Available data:
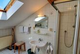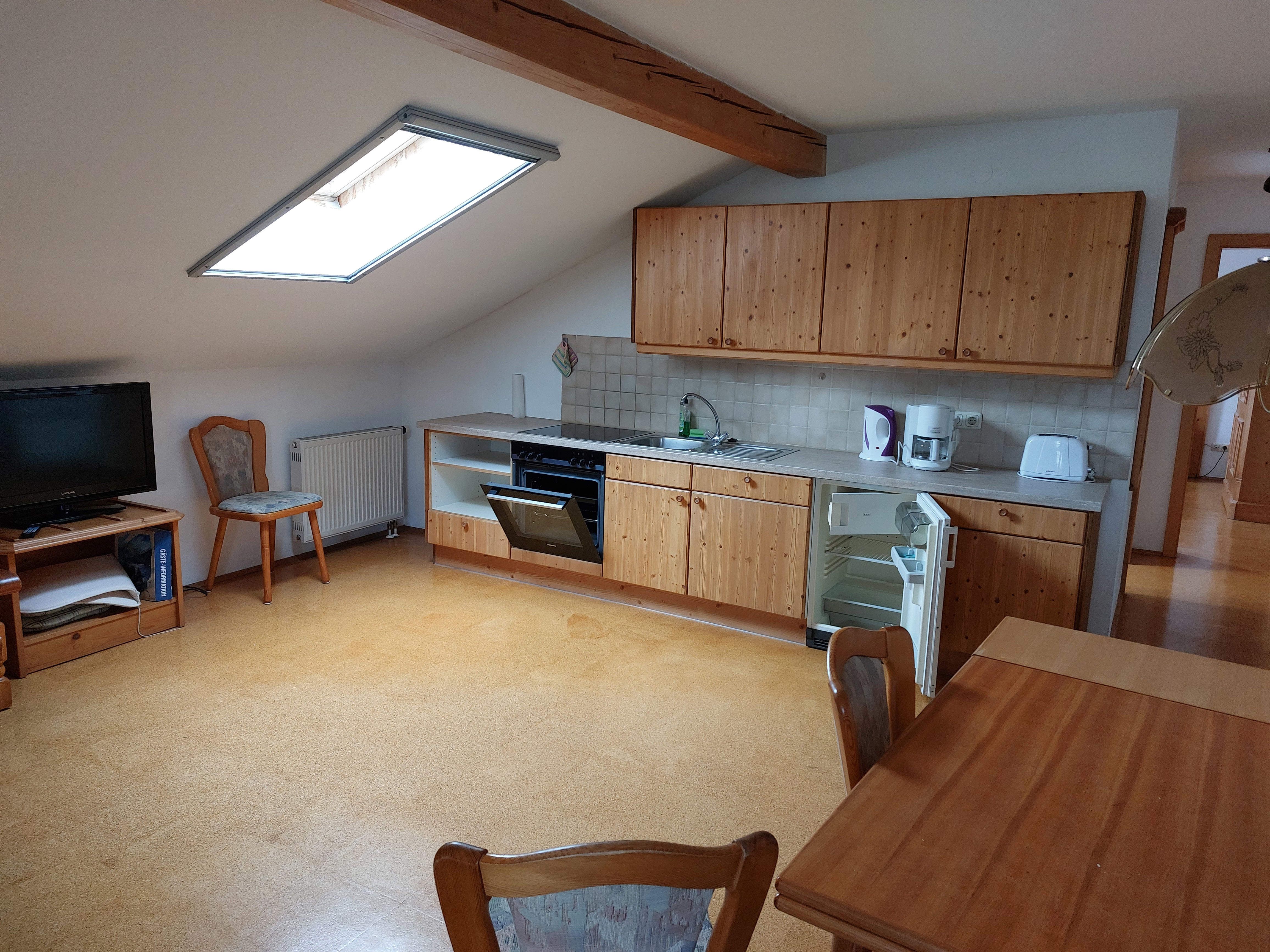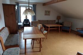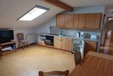 Ferienwohnung im Dachgeschoß mit Ostbalkon, Wohnschlafraum mit Schlafcouch für 2 Personen, 1 separates Schlafzimmer für 3 Personen. Kochnische mit Küchenzeile und Mikrowelle. Sat-TV und Telefon. Dusche/WC.
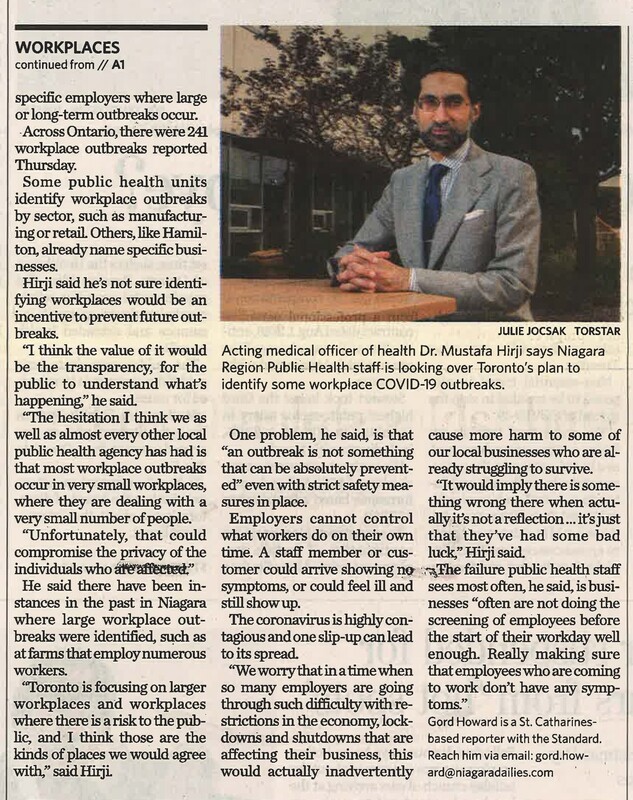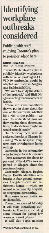 - Identifying workplace outbreaks considered : Public health staff studying Toronto's plan to possibly adapt here
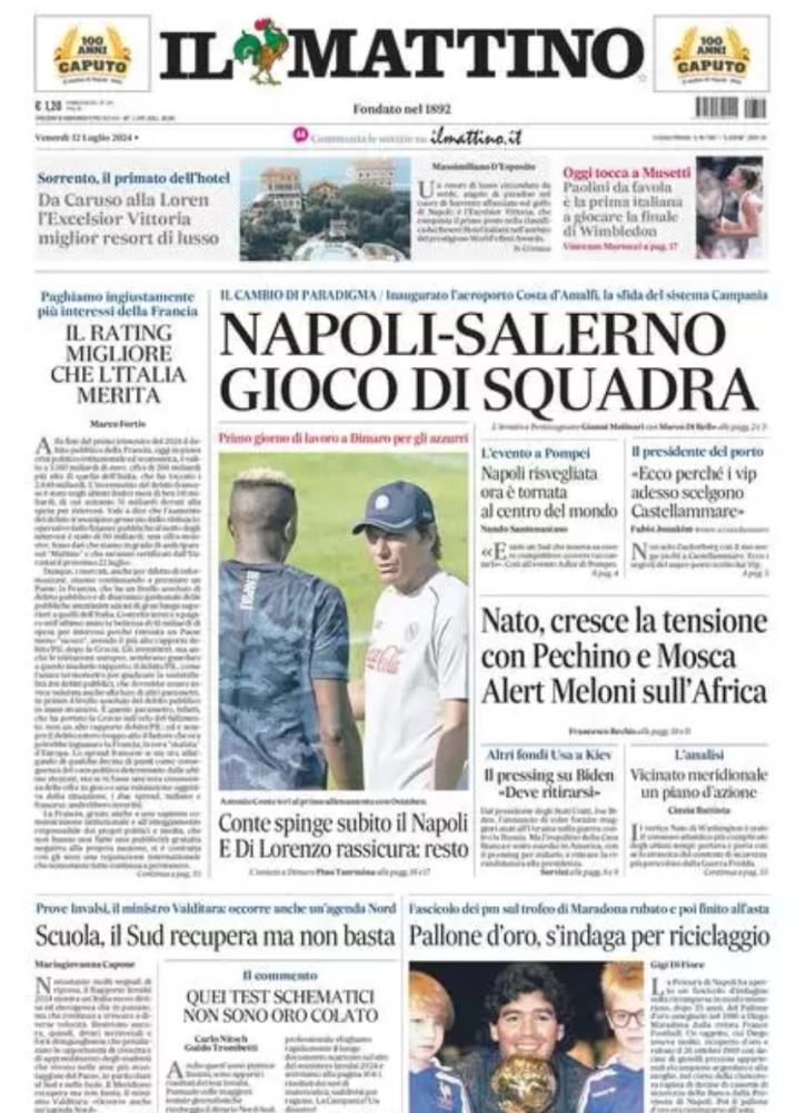 Sono tanti gli spunti che arrivano dalla prima pagina de Il Mattino. Il noto quotidiano si sofferma su alcuni degli argomenti più caldi del momento. Ecco alcuni titoli dell'ultima edizione: "Conte spinge subito il Napoli. E Di Lorenzo assicura: resto. Primo giorno di lavoro a Dimaro per gli azzurri" si legge nello spazio dedicato allo sport.
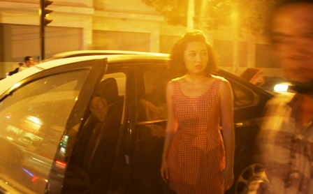 Diễn viên điện ảnh Lê Khánh bước ra từ chiếc xe bị cháy
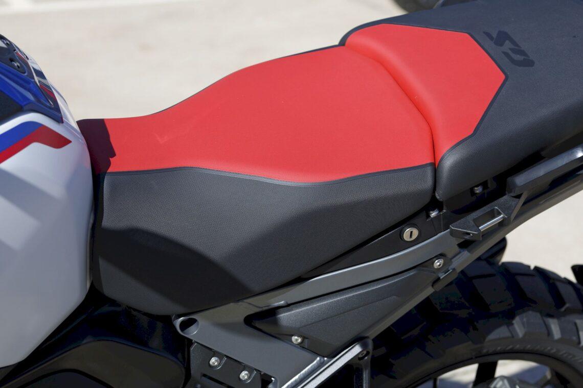 Arrancamos la primera jornada de prueba con una BMW R 1300 GSA estándar 'Rojo Racing' que añadía los 3 packs de equipamiento disponible para ella: Innovación (1.505 €, destaca por el radar y la iluminación adaptativa), Dinámico (925 €, modos de conducción Pro y pinzas Brembo sport) y Touring (808 €, soporte de maletas, preinstalación de navegador, parabrisas eléctrico, colector cromado). Por si esto fuera poco, también incluía neumáticos de tacos Metzeler Karoo 4 (56 €, en lugar de los Metzeler Tourance Next 2/Michelin Anakee Adventure de serie), cambio ASA (863 €, sustituye al quickshifter) y control adaptativo de altura (581 €). Otra opción casi obligatoria son las maletas laterales de aluminio (36,5 l + 37 l. / 1.404-1.471 € según acabado) y baúl trasero (37 l. / 718-748 €) con toma de corriente USB-C incluida, aunque no las llevábamos montadas.
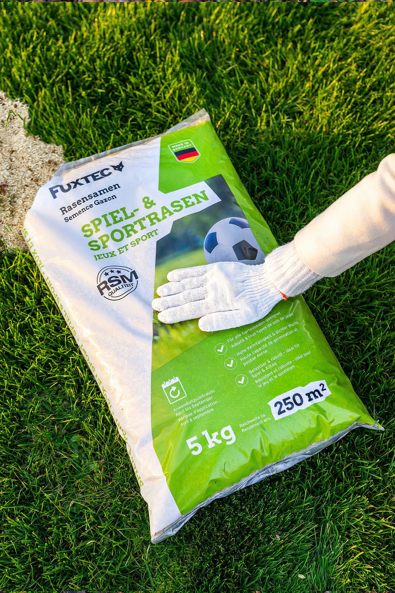 - Für Reparaturen und Nachsaat: Nachsaatmischung (z. B. FUXTEC FX-RSNR1)

Instructions for the task: Without including any pictures, reproduce the data exactly.

Output for this exercise:
 Ferienwohnung im Dachgeschoß mit Ostbalkon, Wohnschlafraum mit Schlafcouch für 2 Personen, 1 separates Schlafzimmer für 3 Personen. Kochnische mit Küchenzeile und Mikrowelle. Sat-TV und Telefon. Dusche/WC.
 - Identifying workplace outbreaks considered : Public health staff studying Toronto's plan to possibly adapt here
 Sono tanti gli spunti che arrivano dalla prima pagina de Il Mattino. Il noto quotidiano si sofferma su alcuni degli argomenti più caldi del momento. Ecco alcuni titoli dell'ultima edizione: "Conte spinge subito il Napoli. E Di Lorenzo assicura: resto. Primo giorno di lavoro a Dimaro per gli azzurri" si legge nello spazio dedicato allo sport.
 Diễn viên điện ảnh Lê Khánh bước ra từ chiếc xe bị cháy
 Arrancamos la primera jornada de prueba con una BMW R 1300 GSA estándar 'Rojo Racing' que añadía los 3 packs de equipamiento disponible para ella: Innovación (1.505 €, destaca por el radar y la iluminación adaptativa), Dinámico (925 €, modos de conducción Pro y pinzas Brembo sport) y Touring (808 €, soporte de maletas, preinstalación de navegador, parabrisas eléctrico, colector cromado). Por si esto fuera poco, también incluía neumáticos de tacos Metzeler Karoo 4 (56 €, en lugar de los Metzeler Tourance Next 2/Michelin Anakee Adventure de serie), cambio ASA (863 €, sustituye al quickshifter) y control adaptativo de altura (581 €). Otra opción casi obligatoria son las maletas laterales de aluminio (36,5 l + 37 l. / 1.404-1.471 € según acabado) y baúl trasero (37 l. / 718-748 €) con toma de corriente USB-C incluida, aunque no las llevábamos montadas.
 - Für Reparaturen und Nachsaat: Nachsaatmischung (z. B. FUXTEC FX-RSNR1)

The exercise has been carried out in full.